Print the data exactly as written, line for line, and leave its pictures behind.
┌─ Data section
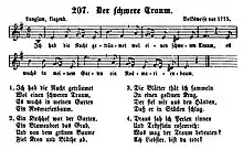 The best-known and most widely used lyrics to the melody were written by German preacher and collector of folk songs August Zarnack.[2][3] Zarnack's version was originally published under the title "Der schwere Traum" (The heavy dream), and appeared in Zarnack's 1820 book which was a collection of German folk songs intended for primary schools.[4][5] Zarnack's textbook sold well, and in the 1840s and onwards, "Ich hab die Nacht geträumet" was increasingly included in other music workbooks as well for schools and choirs.[2]
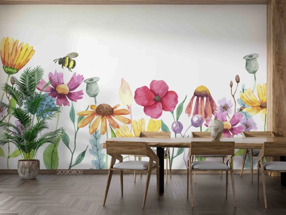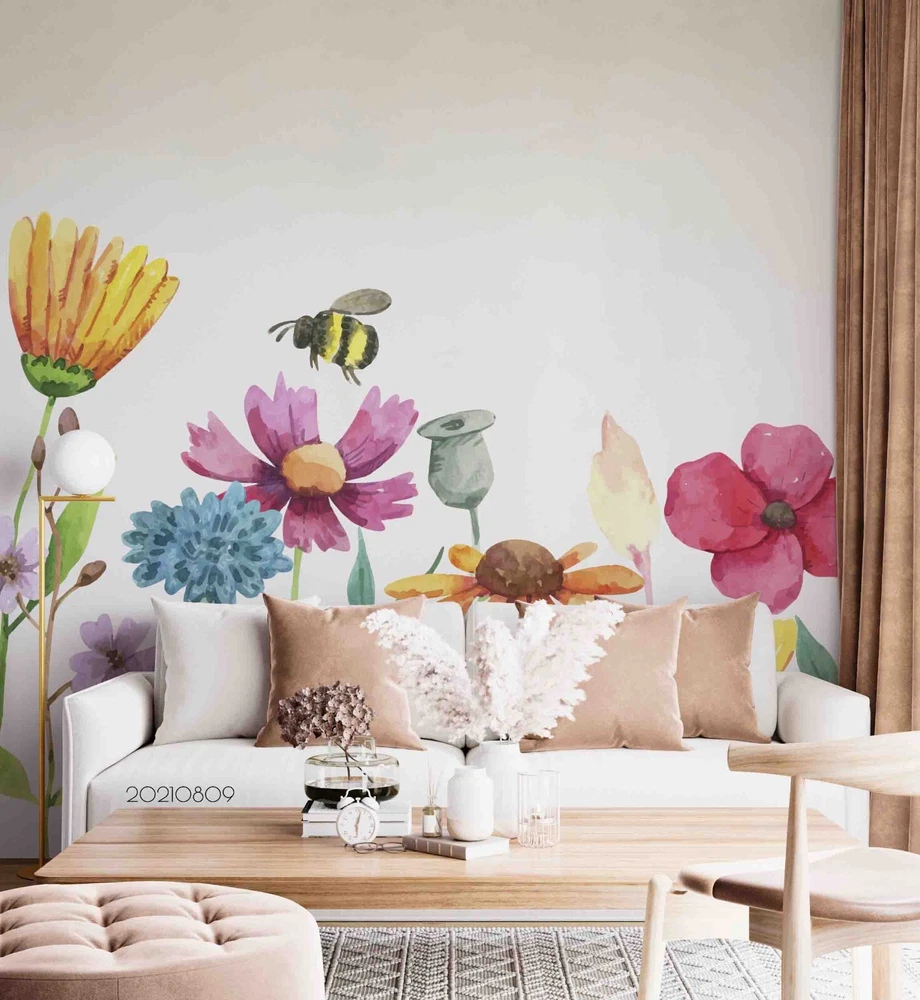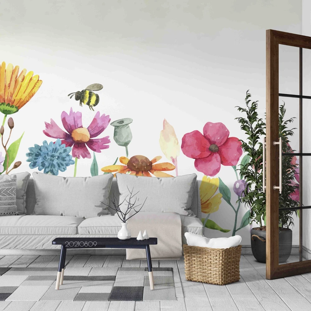 3D Hand Drawn Colorful Floral Wall Murals Wallpaper Murals Wall Sticker 97
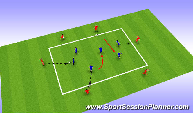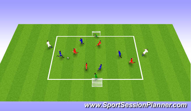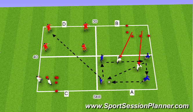 Organisation:The area is 30 x 40 and split into 4 giving each box a 15 x 20 area, Start with 3 teams of 4, Putting a Blue team in box A and Reds in box D while spliting the 3rd team Whites into smaller area 5x5 made in box B & C. The ball starts in box A, and as soon as first player touches the ball, The 2 players from box B are released to win the ball back creating a 4v2 game in box A. The blues aim is to make 3 Consecutive passes without letting the Whites touch the ball, Then they can Switch the ball to box D on switching the ball, the 2 Whites will return to their corner, And this releases the 2 whites in box C to attack the Reds, Reds are to do the same then return ball to Blues, this continues untill a white wins the ball, or a teams loses possesion. Which ever team the whites gain the ball off, they now take thier place in thier box, and the team that lost the ball now have to split and enter box B & C. defenders cannot leave thier box untill their team mates have got back to thiers.
└─
Response for this exercise:
 The best-known and most widely used lyrics to the melody were written by German preacher and collector of folk songs August Zarnack.[2][3] Zarnack's version was originally published under the title "Der schwere Traum" (The heavy dream), and appeared in Zarnack's 1820 book which was a collection of German folk songs intended for primary schools.[4][5] Zarnack's textbook sold well, and in the 1840s and onwards, "Ich hab die Nacht geträumet" was increasingly included in other music workbooks as well for schools and choirs.[2]
 3D Hand Drawn Colorful Floral Wall Murals Wallpaper Murals Wall Sticker 97
 Organisation:The area is 30 x 40 and split into 4 giving each box a 15 x 20 area, Start with 3 teams of 4, Putting a Blue team in box A and Reds in box D while spliting the 3rd team Whites into smaller area 5x5 made in box B & C. The ball starts in box A, and as soon as first player touches the ball, The 2 players from box B are released to win the ball back creating a 4v2 game in box A. The blues aim is to make 3 Consecutive passes without letting the Whites touch the ball, Then they can Switch the ball to box D on switching the ball, the 2 Whites will return to their corner, And this releases the 2 whites in box C to attack the Reds, Reds are to do the same then return ball to Blues, this continues untill a white wins the ball, or a teams loses possesion. Which ever team the whites gain the ball off, they now take thier place in thier box, and the team that lost the ball now have to split and enter box B & C. defenders cannot leave thier box untill their team mates have got back to thiers.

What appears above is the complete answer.